The Taxation Review Authority (TRA) has recently heard a case involving a Trust that had been buying bare land, building houses and then selling them but not treating the proceeds as taxable.
The Trust itself comprised three trustees, Mr and Mrs B, and their solicitor who acted as an independent trustee. Over a 12 year period, the Trust bought and sold 11 properties, of which 10 were purchased as bare sections, with the Trust contracting a builder to construct dwellings to the gib-stopping stage on nine of them. Mr & Mrs B would move into the homes with their family and complete the finishing touches.
Following an audit into Mr and Mrs B and the Trust’s affairs, the IRD took the view that the Trust had been carrying on a business of erecting buildings, and therefore income tax and GST applied to seven of the 11 sections that had been sold.

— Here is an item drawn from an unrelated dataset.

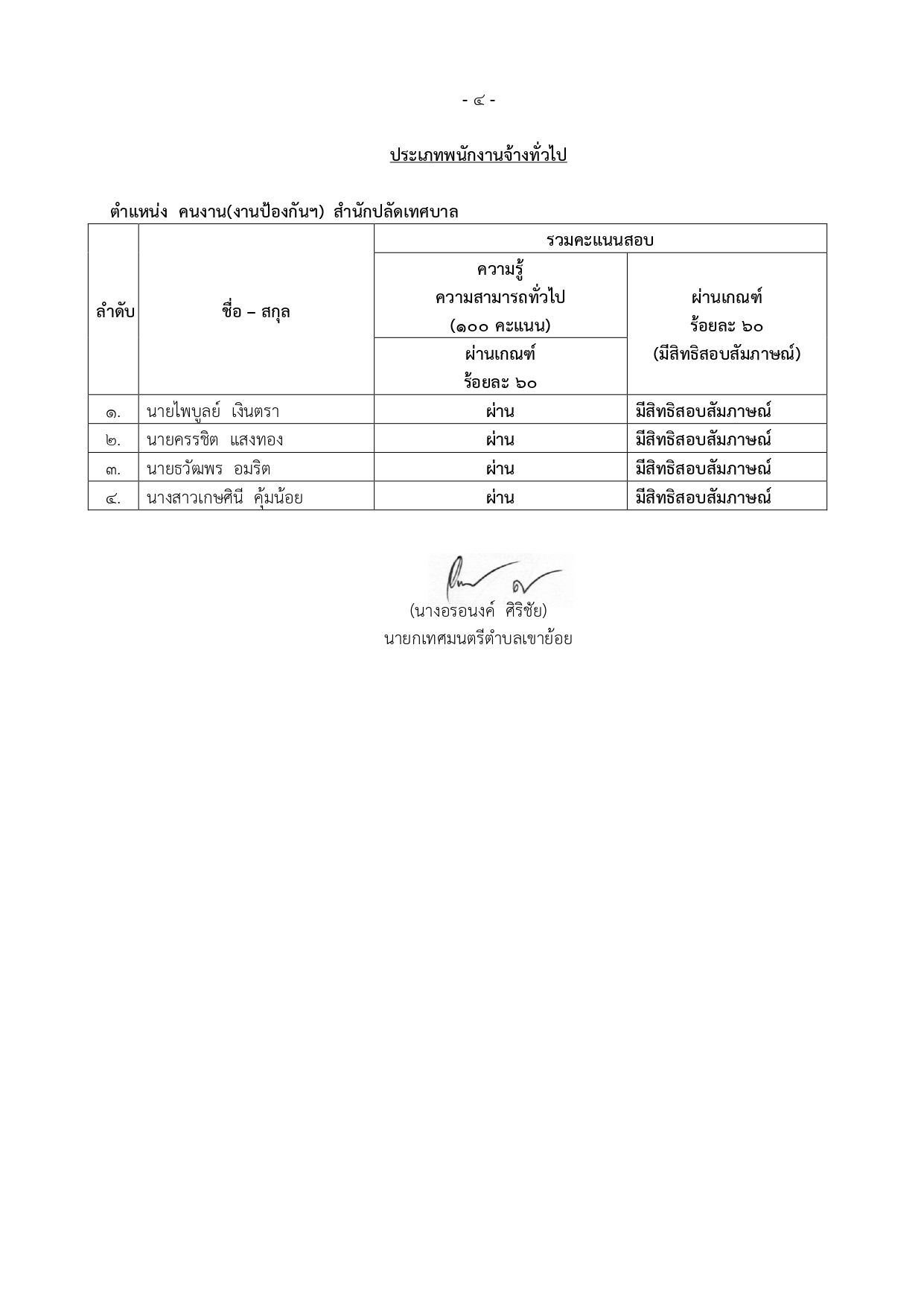 ประกาศเทศบาลตำบลเขาย้อย เรื่อง ประกาศรายชื่อผู้สอบผ่านภาคความรู้ความสามารถทั่วไป (ภาค ก.) และความรู้ความสามารถที่ใช้เฉพาะสำหรับตำแหน่ง (ภาค ข.) และมีสิทธิสอบภาคความเหมาะสมกับตำแหน่ง (ภาค ค.) ในการเลือกสรรบุคคลเพื่อเป็นพนักงานจ้างของเทศบาลตำบลเขาย้อย

In response to the IRD’s position, Mr and Mrs B put forward a number of personal reasons as to why they moved between houses. Those reasons were cited as:
problems with neighbours, such as having a creepy guy peering into their bedroom from a house next door or, the house next door becoming an IHC house,
concern that one house was a leaky home and another had carpet that made the taxpayer’s asthma worse,
one house backed onto a railway line, while another was on a busy road and there was concern for the kids crossing the road. The lights from a T intersection also disturbed them at night,
wanting to move closer to an ill mother or to the daughter’s school, and
one of the taxpayer’s work hours were to be cut so they sold to ease their financial burden.
The TRA’s decision
The TRA sided with the IRD and found that at the time of purchase the Trust intended to sell each property. The Trust’s activities were coherent and organised. The repeated process of buying land, building and selling dwellings on completion created a clear pattern that demonstrated the existence of a business. The Trust was assessed for income tax of $65,422.
It was also found that the Trust’s building activity met the statutory test of a “taxable activity” for GST purposes. The Trust was liable to account for $30,164 of GST output tax on the sale of the properties, and a penalty for ‘gross carelessness’ was confirmed by the TRA at $19,117.
Generally, all trustees are bound by the decision and actions of each other when engaged in the affairs of a trust. The independent trustee was held jointly and severally liable even though the person was not consulted prior to entering into transactions.
It is evident that the IRD is directing additional resources into the property sector. Taxpayers demonstrating a pattern of buying and selling property can expect the IRD to come knocking.